Song by YoungBoy Never Broke Again

from the album Colors
- Released: January 21, 2022
- Length: 4:04
- Label: Never Broke Again; Atlantic;
- Songwriters: Kentrell Gaulden; Jason Goldberg; Aaron Hill; Daniel Lebrun; Seth Love;
- Producers: ProdByBerge; D-Roc; Lastwordbeats; skeeo!;

Music video
- "Bring It On" on YouTube

= Bring It On (YoungBoy Never Broke Again song) =

2022 song by YoungBoy Never Broke Again

"Bring It On" is a song by American rapper YoungBoy Never Broke Again, released on January 21, 2022, as the second track from his seventeenth mixtape, Colors. The song features a murderous essence that YoungBoy brings as he raps about murder, firearms, and crime.

==Composition==
In "Bring It On," YoungBoy interpolates his April 2020 "Step on Shit." In the song's bridge following the first verse, YoungBoy also interpolates the 1881 poem, "Ring a Ring o' Roses" as he raps: "Ring around the rosie/Pussy tryna dome me/Know the police on me/They know that they can't clone me/Shawty say she want me/Know that I got money/Say that they don't like me/'Cause I'm always stuntin'."

==Critical reception==
Pitchforks Paul A. Thompson noted that the mixtape "opens with a predictably furious suite" and notes that the song "culminates with closing ad-libs." Anthony Malone from HipHopDX writes that on the song, YoungBoy "[tauntes] his enemies, reveling in the fact they want him dead."

==Music video==
The FlyGuyNick-directed music video was released on January 21, 2022, alongside the official audio.

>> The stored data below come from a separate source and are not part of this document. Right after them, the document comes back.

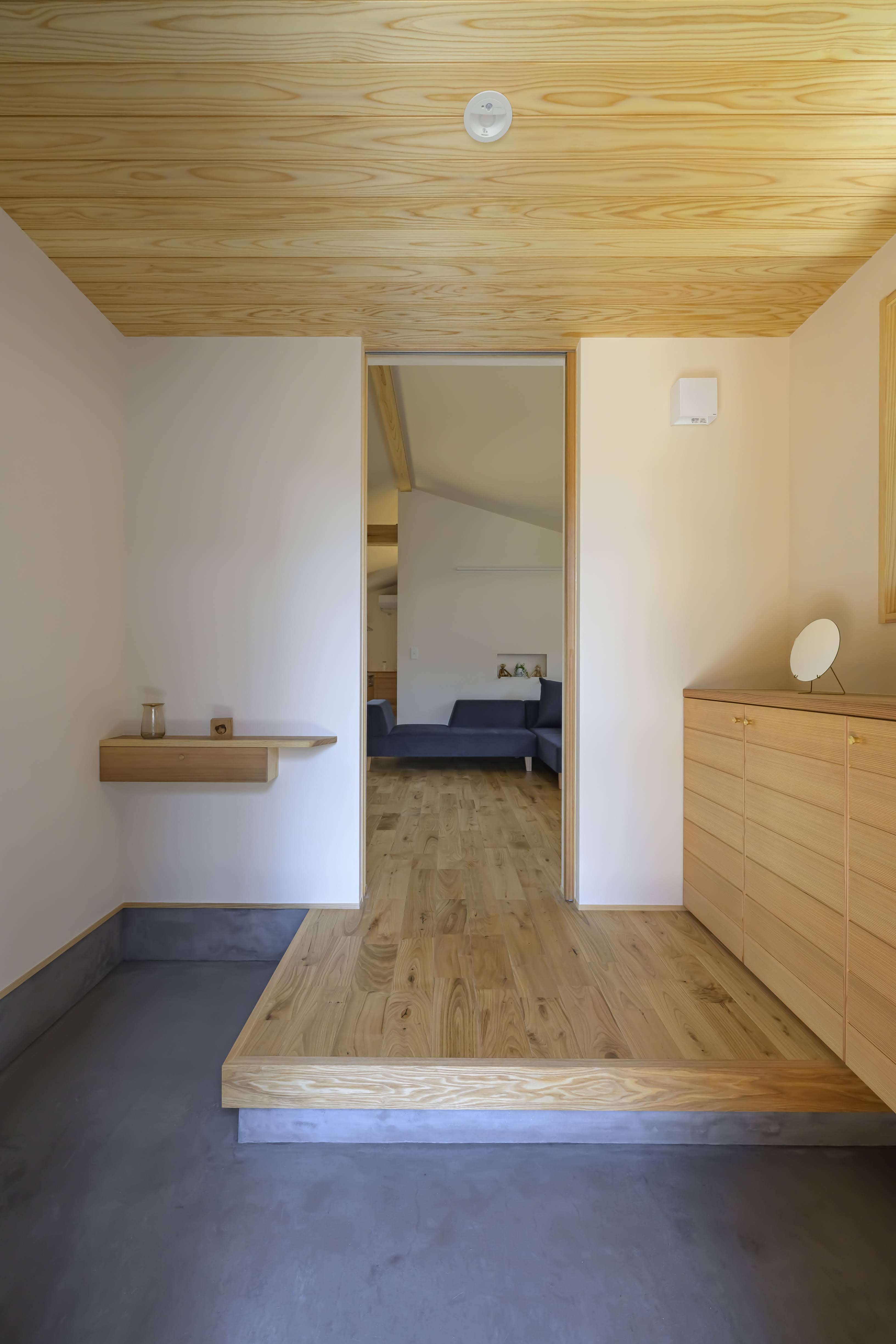五感で感じるぬくもり: 玄関を開けた瞬間に広がる木の香りと、自然素材の温かみを感じるデザインです 。
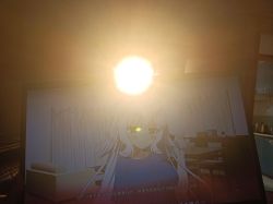 不知不觉天亮了 正对着窗户的客厅沙发 太阳刚好从天使酱的头上升起・゚( ノヮ´ )
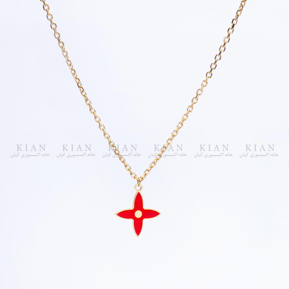 گردنبند گل قرمز طلایی

The video sees YoungBoy smoking and dancing with loads of money inside his house with his close friend Herm Tha Blacksheep.

==Personnel==
Credits and personnel adapted from Tidal.

Musicians
- Jason Michael Goldberg – composer, songwriter
- Aaron Hill – production, composer, songwriter
- Daniel Lebrun – production, composer, songwriter
- Seth Love – production, composer, songwriter
- Kentrell DeSean Gaulden – lead artist, songwriter, composer

Technical
- Cheese – mastering engineer
- Cheese – mixing engineer
- Cheese – recording engineer

==Charts==

| Chart (2022) | Peak position |
|---|---|
| Global 200 (Billboard) | 182 |
| US Billboard Hot 100 | 60 |
| US Hot R&B/Hip-Hop Songs (Billboard) | 19 |

==Certifications==

| Region | Certification | Certified units/sales |
| United States (RIAA) | Gold | 500,000^{‡} |
^{‡} Sales+streaming figures based on certification alone.